Question:

Consider the functions f(x) = 2x - x^2 and g(x) = x^2 - 2x. The curves C1 and C2 are defined by the equations y = f(x) and y = g(x), respectively.

a) Find the x-coordinate(s) at which the curves C1 and C2 intersect.

b) Find the area of the region bounded by the curves C1 and C2 between their points of intersection.

Answer:

a) To find the x-coordinate(s) at which the curves C1 and C2 intersect, we need to set their equations equal to each other:

f(x) = g(x)

2x - x^2 = x^2 - 2x

Rearranging the equation, we get:

2x - x^2 - x^2 + 2x = 0

Combining like terms, we have:

4x - 2x^2 = 0

Factoring out 2x, we get:

2x(2 - x) = 0

Setting each factor equal to zero, we have:

2x = 0 -> x = 0

2 - x = 0 -> x = 2

Therefore, the curves C1 and C2 intersect at x = 0 and x = 2.

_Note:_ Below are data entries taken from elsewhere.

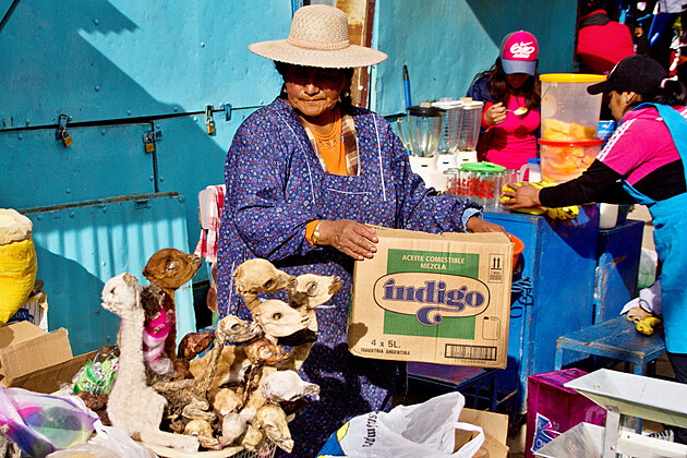 Prvním cílem dne je hornický trh. Jako první nás Wilson vede ke stánkům, kde koupíte věci, které vám jinde na světě jen tak neprodají – dynamit, rozbušky, ledek. A taky koku. Bere si rovnou jeden připravený balíček a stranou nám vysvětluje, jak funguje těžba s pomocí dynamitu, vypráví nám, že v devíti letech s dynamitem prvně pracoval, a že horníci mají koku vlastně místo hodinek – 2 hodiny trvá než si „nakřečkují“ plnou tvář lístků bez šťopky a ta pak 4 hodiny účinkuje, znovu 2 hodiny doplňují zásobu a další 4 hodiny těžce pracují, zatímco koka působí. Další zajímavostí je 96% alkohol potable, který pijí hlavně v pátek v noci.
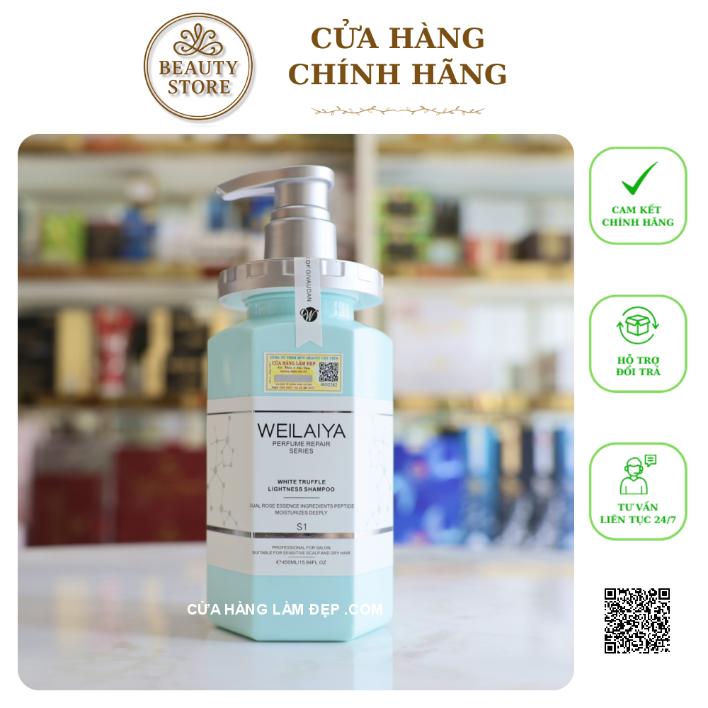 Tại Hệ Thống Cửa Hàng Làm Đẹp, Sản Phẩm Dầu Gội Weilaiya White Truffle Lightness Shampoo Phục Hồi Đa Tầng Trứng Cá Tầm Từ Trung Quốc 450ml có giá: 585.000 VND
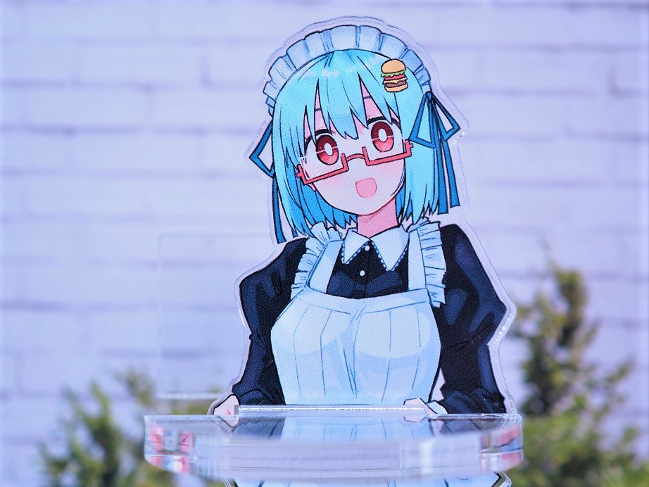 描き下ろしメイド姿のイラストを使用したアクリル素材のメガネスタンドとなっております。
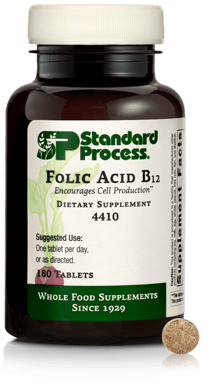 Each Serving Size (1 Tablet) contains: Folate (400 mcg folic acid) 665 mcg DFE, Vitamin B12 6 mcg. Proprietary Blend 350 mg: Calcium lactate, bovine liver, organic carrot, organic sweet potato, porcine stomach parenchyma, defatted wheat germ, bovine spleen, ovine spleen, bovine adrenal Cytosol™ extract, oat flour, and ascorbic acid. Other Ingredients: Honey, dicalcium phosphate, cellulose, folic acid, and cyanocobalamin.

b) To find the area of the region bounded by the curves C1 and C2 between their points of intersection, we need to integrate the difference between the equations of the curves with respect to x, from x = 0 to x = 2:

Area = ∫[0, 2] (f(x) - g(x)) dx

First, let's find the difference function (f(x) - g(x)):

f(x) - g(x) = (2x - x^2) - (x^2 - 2x)

Simplifying, we get:

f(x) - g(x) = 2x - x^2 - x^2 + 2x

         = 4x - 2x^2

Now, we can integrate this difference function with respect to x:

Area = ∫[0, 2] (4x - 2x^2) dx

Splitting the integral into two separate integrals:

Area = ∫[0, 2] 4x dx - ∫[0, 2] 2x^2 dx

Integrating each term separately:

Area = [2x^2] from 0 to 2 - [2/3 x^3] from 0 to 2

Substituting the upper and lower limits:

Area = (2(2)^2 - 2(0)^2) - (2/3(2)^3 - 2/3(0)^3)

Area = (2(4) - 2(0)) - (2/3(8) - 2/3(0))

Area = 8 - (16/3 - 0)

Area = 8 - 16/3

Area = 24/3 - 16/3

Area = 8/3

Therefore, the area of the region bounded by the curves C1 and C2 between their points of intersection is 8/3 square units.